Cook time: 2 hours 15 minutes

Makes: 1 loaf cake

Ingredients:

Kabocha Cake

  • 1 (1-pound / 455-gram) piece kabocha squash, seeded
  • Extra-virgin olive oil for drizzling, plus 1 cup plus 1 tablespoon (255ml)
  • 1 1/2 cups (180 grams) all-purpose flour
  • 1 1/2 teaspoons baking powder
  • 1/2 teaspoon baking soda
  • 1 tablespoon ground cinnamon
  • 2 teaspoons ground nutmeg
  • 3/4 teaspoon kosher salt
  • 1 1/3 cups (265 grams) granulated sugar
  • 3 large eggs
  • 8 ounces (230 grams) bittersweet chocolate, finely chopped
  • 3 tablespoons raw pepitas (for the glaze)

Olive Oil Glaze

  • 1 1/4 cups (150 grams) confectioners' sugar, sifted
  • 2 tablespoons hot water
  • 3 tablespoons extra-virgin olive oil
  • 2 tablespoons crushed cacao nibs

Directions:

  1. Heat the oven to 425°F (220°C). On a sheet pan, drizzle the squash with olive oil, turn the piece cut-side down, and cook until very soft and beginning to caramelize around the edges, 30 to 45 minutes. Remove from the oven and let cool. Scrape out the squash flesh and transfer to a food processor. Pulse until smooth.
  2. Measure out 1 cup (225 grams) and let it cool to room temperature. (Store any leftovers in the fridge, tightly covered, for up to 5 days—the puree is very good smeared on toast.) 
  3. Heat oven to 325℉ (165°C).
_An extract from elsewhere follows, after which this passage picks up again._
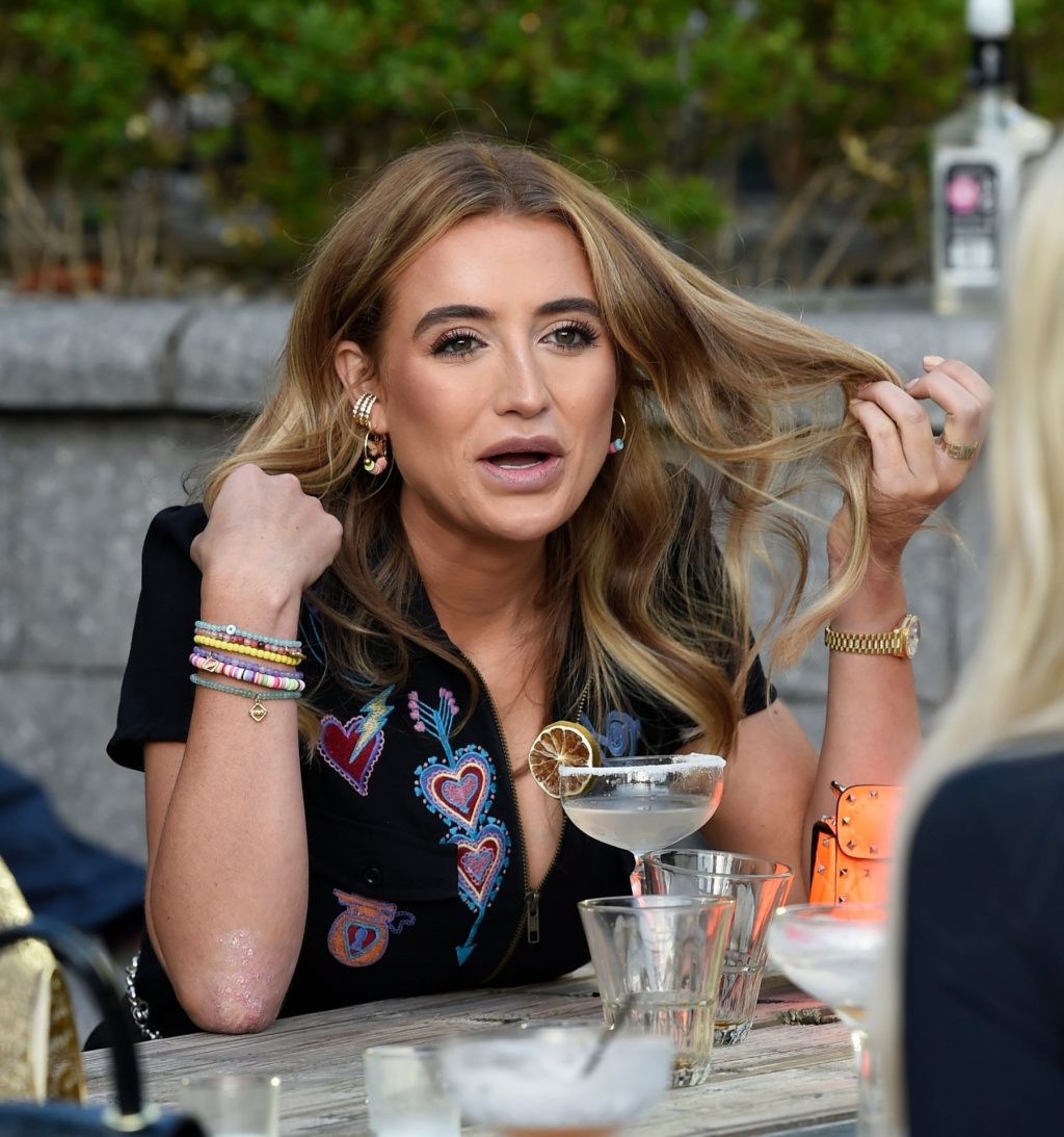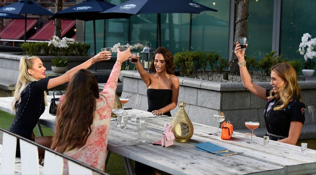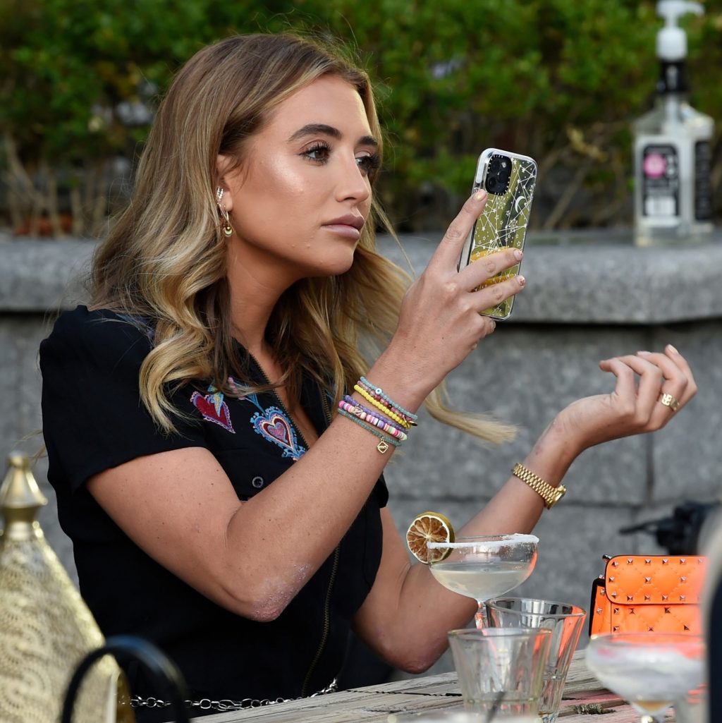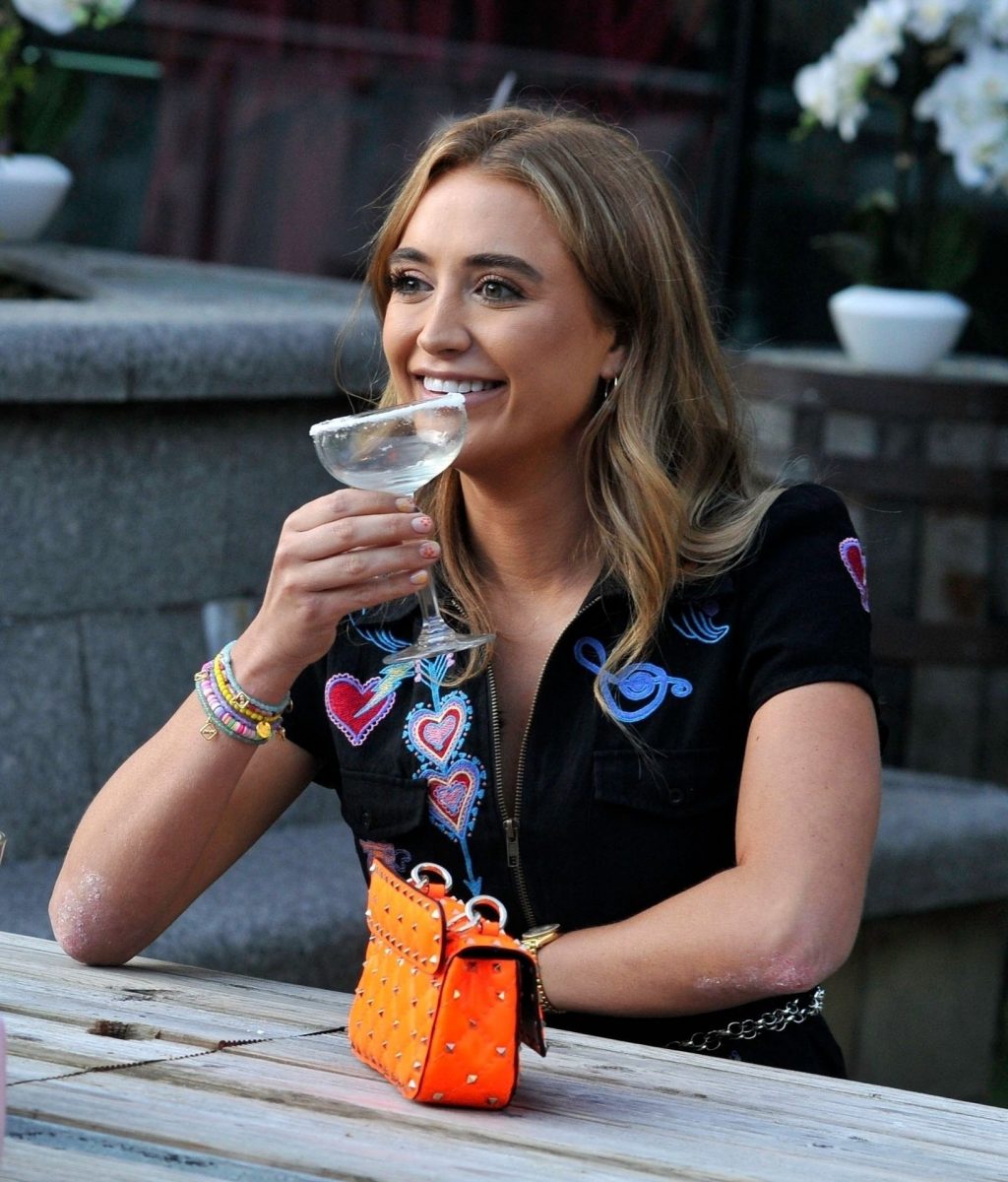 Love Island y la estrella de TOWIE Georgia Harrison presume de sus nuevos pechos 32C de $8K mientras filma Olivia Meets her Match con Nicole Bass y Fran Parman en Manchester en Impossible Bar, 09/02/2020.
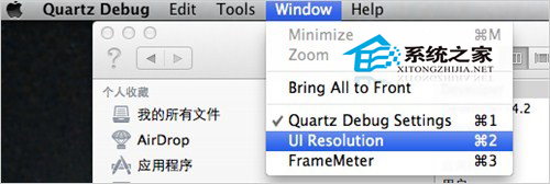 打开Quartz Debug顶部工具栏的Windows菜单下的UI Resolution功能,在弹出的对话框中,打开“Enable HiDPI display modes”模式。

Butter a 9x5-inch (23x12-centimeter) loaf pan.
  4. Sift the flour, baking powder, baking soda, cinnamon, nutmeg and salt into a large bowl. In a medium bowl, whisk together the granulated sugar, olive oil, squash puree, and eggs. Make a well in the center of the flour mixture and pour in the squash mixture. Whisk until just combined. Stir the chocolate into the batter.
  5. Pour the batter into the prepared pan and bake until browned on the top and a skewer inserted in the center of the cake comes out clean, 75 to 90 minutes. Let cool on a wire rack for 20 minutes. Run a knife around the edges and invert the cake from the pan and let cool on the rack for another 20 minutes. Transfer to a serving plate.
  6. In a small, dry frying pan over medium heat, gently toast the pepitas until just fragrant and beginning to brown, 3 to 5 minutes. Let cool. 
  7. To make the glaze, in a small bowl, whisk the confectioners' sugar with 2 tablespoons hot water until you have a thick glaze. Add more confectioners' sugar or water as needed to create a smooth glaze with the viscosity of honey. Slowly drizzle in the olive oil, whisking constantly.
  8. Pour the glaze over the cake, allowing it to drip over the sides. Sprinkle with the cacao nibs and pepitas and let the glaze set completely before serving, about 1 hour.